[New-Poetry] Wordsalad; poets talking
James Cervantes
cervantes.james at gmail.com
Mon Nov 10 19:52:24 EST 2008
Book jacket poet-speak. My vote for the worst (which would not make a book
jacket, at least not for a book of poems): "I feel a horrified, appalled
grief about the built environment. I loathe concrete." - Lyn Hejinian
Best example of insularity: "Robert Pinsky: Contemporary poetry is informed
largely by translations from non-Western sources." - Robert Pinsky
My vote for flirting with possible truth: Glück: "Every great poem teaches
its readers how to read it."
- Jim
On Mon, Nov 10, 2008 at 3:17 PM, <jforjames at aol.com> wrote:
> http://wordsalad.wordpress.com/
>
> Part of the Academy of American Poets' Forum 2008, a full day of panel
> discussions yesterday at NYU produced a series of conversations that
> explored the mysteries of creativity and writing from a number of angles.
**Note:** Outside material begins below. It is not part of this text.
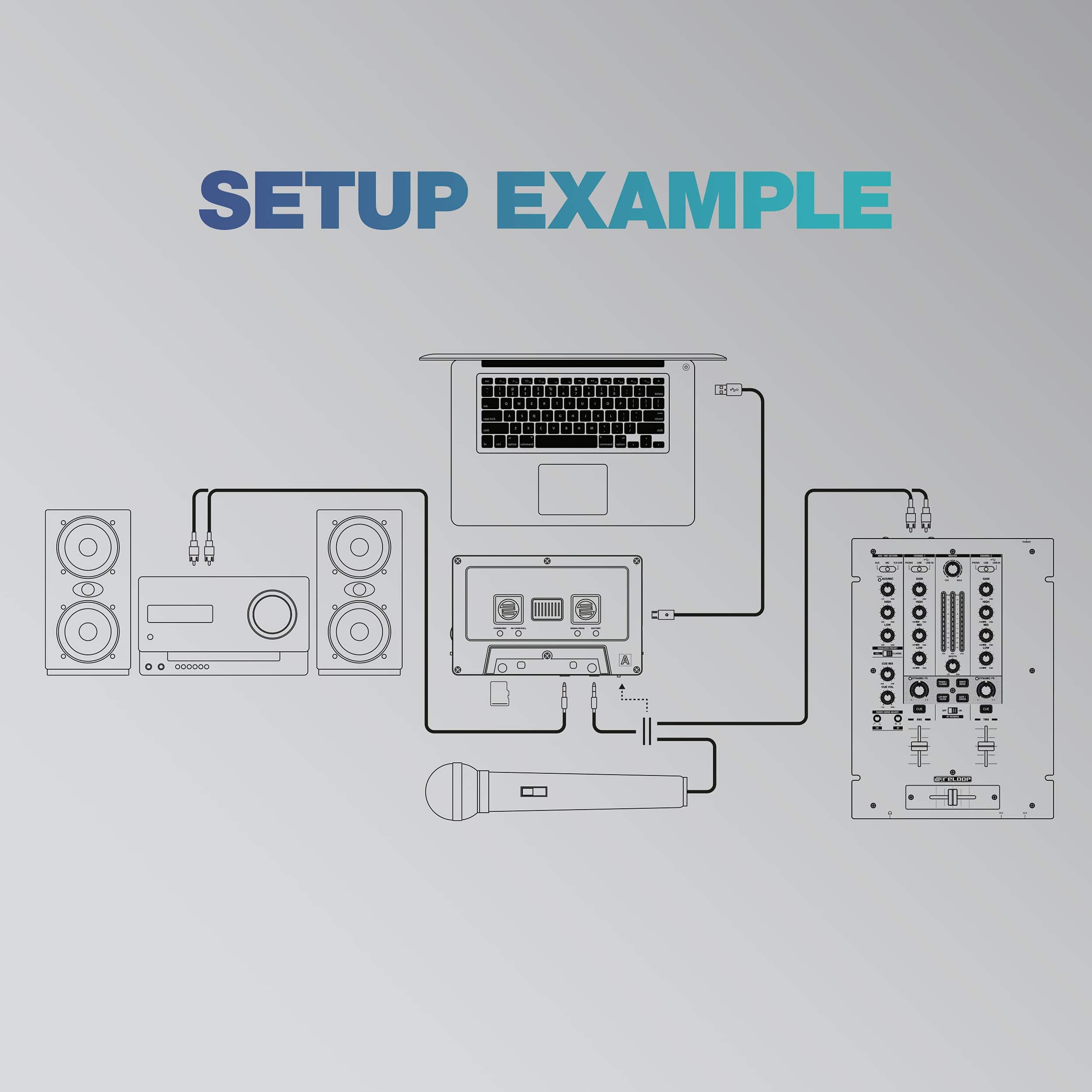 El Reloop TAPE 2 es un dispositivo de grabación de audio para DJs con batería de iones de litio integrada y diseño retro de cassette que te permite grabar tu mezcla en formato WAV o MP3 directamente en una tarjeta microSD. Los convertidores A/D integrados ofrecen una grabación de sonido de alta calidad de 24 bits en formatos WAV sin pérdidas o MP3 (320 kbps). TAPE 2 es extremadamente portátil gracias a la batería de iones de litio interna con hasta 6 horas de grabación con una carga completa. La carga sobre la marcha se maneja fácilmente utilizando cualquier fuente de alimentación USB estándar. Fuentes de nivel de línea o de micrófono como reproductores de CD, mezcladores de DJ o micrófonos dinámicos pueden conectarse directamente a TAPE 2 a través de la entrada de jack de 3.5 mm. Al utilizar la salida THRU, la señal de audio puede monitorearse con auriculares o puede ser enrutada a través de los altavoces principales. Esto se recomienda para fuentes de audio de salida única que no tienen una salida de grabación dedicada (REC). Además de ser un dispositivo de grabación de audio, TAPE 2 también se puede conectar a una computadora y utilizarse como lector de tarjetas para tarjetas microSD. Para hacer un seguimiento del material grabado, todas las grabaciones en TAPE 2 pueden etiquetarse con una marca de tiempo con la ayuda de la herramienta de sincronización. Con las pegatinas incluidas, también es posible personalizar el aspecto de tu TAPE 2.

> Some of these conversations will be soon available on the Poets.org<http://www.poets.org/>web site. Here are a few of the bon mots I enjoyed.
>
> Ron Padgett: The best poems make me dance in my head
>
> Lyn Hejinian: The collision of natural place vs the built environment is a
> vast impasse, the big aporia. I feel a horrified, appalled grief about the
> built environment. I loathe concrete.
>
> Robert Pinsky: Contemporary poetry is informed largely by translations from
> non-Western sources.
>
> Susan Stewart: When we're born, we enter the world through a door that
> won't allow us to return. When we die, we leave the world through a door
> that won't allow us to return.
>
> Stewart: We turn to the Light, but it blinds us, and we must turn away.
>
> Ron Padgett: Any line repeated many times is not the same thing. It goes
> through transformations.
>
> Louise Glück: All memorable poems are difficult. But that doesn't mean you
> must write a poem that is so harrowing and violently perceptive that people
> flee from it.
>
> Glück: Every great poem teaches its readers how to read it.
>
> Carl Phillips: Poets see things clearly that other people either (a) don't
> see clearly, or (b) can see, but more easily turn away from.
>
> Ellen Bryant Voight: Poetry presents difficulties of several kinds:
> Density, Reference, Protean form, Erasure, Derangement of senses, and Tonal
> complexity. Easily accessible poetry has no tonal complexity, or no tone at
> all.
>
> Carl Phillips: Reading a poet's entire body of work chronologically shows a
> record of a mind surprising itself, and then incorporating those surprises.
>
> Glück: A poem begins as an urgent, felt need to bring a perception into a
> form.
>
> James Longenbach: A good poem teaches the writer how to write it.
>
> Carl Phillips: A good poem teaches its readers how to read themselves as
> people.
>
> Ellen B Voight: The difficulty and discipline of Art gets us out of the
> igloo of the Self.
>
> James Longenbach: when a student complains that a poem is boring, I say,
> "That's fine. But it's your fault."
>
> Gerald Stern: I'm disorganized today. It's good to be disorganized. It
> makes you pay attention.
>
> Frank Bidart: Poems are models of Self-making.
>
> Sharon Olds: My early work was informed by a counter-phobic boldness.
>
> Gary Snyder: Place is more important to our identity than race or gender.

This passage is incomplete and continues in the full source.